From the collection of 129 carefully curated sculptures, we have selected five diverse modern and contemporary works.
Mark Di Suvero – Neruda’s Gate, 2005
The numerous monumental steel sculptures of Mark Di Suvero at the beginning of the south fields of the park are a playful composition of abstract forms. Of these structures Neruda’s Gate is a deep orange that strikes boldly into the landscape. Composed of industrial beams, the abstract shape is pierced by a shaft that leans at an angle as if to gesture an expression of movement.
Roy Lichtenstein – Mermaid, 1994
Further along the landscape is a most uniquely displayed sculpture by the Pop Art pioneer Roy Lichtenstein. Set apart on an island of its own, the painted carbon fiber and epoxy skin image of a mermaid is fixed around the structure of a boat and reflects brightly on the surrounding waters.

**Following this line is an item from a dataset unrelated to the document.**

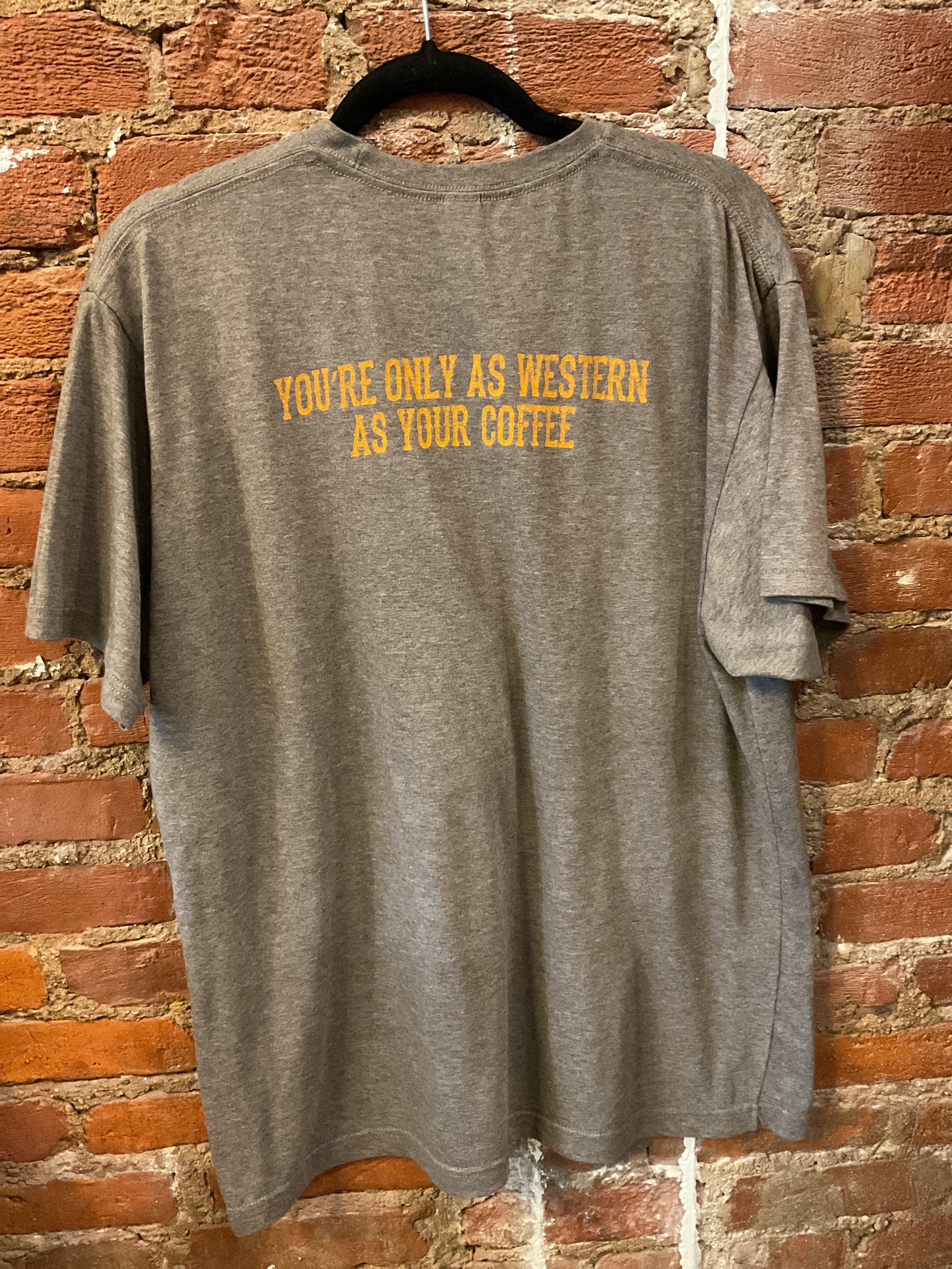 Saddle up with this heather brown short-sleeve tee featuring the Bison Union Rodeo from Sheridan, Wyoming. It's a tribute to authentic Western heritage and the spirit of the frontier, perfect for rodeo fans and anyone who loves genuine Americana. The warm, earthy tone makes it easy to style with your everyday wardrobe while the graphic adds instant character. A shirt that celebrates tradition with a modern, laid-back edge. Size XL.

Richard Serra – Schunnemunk Fork, 1990-91
The site-specific, 10-acre field commissioned to Richard Serra is a subtle yet active invitation to topographical contemplation. The four industrial steel plates dive, unify and activate the surrounding space, transforming it to create a harmony of separate horizons. The weathering of these plates is in itself a structural display of the naturally changing environment adding an element of material transformation.
Tony Smith – Source, 1967
Approaching the blackened steel sculpture of Tony Smith, a dynamic display of abstract geometric shapes begins to emerge. Each side of the structure forms unique views of monumental shapes shifting from all angles. Focused on minimalistic design, the visual simplicity of the structure illuminates the massive presence of flat surfaces.
Alexander Calder – Gui (Mistletoe), 1976
The variety of Alexander Calder sculptures located around the park’s Meadow and Museum Hill are an exemplary collection of later design ranging in size and color. Of these celebrated works, the never publicly installed, Gui (Mistletoe) makes colorful use of the duality of juxtaposed shapes in space/form. Circular cutouts are mirrored with their positive counterparts repeating in basic pattern on the brightly painted orange steel.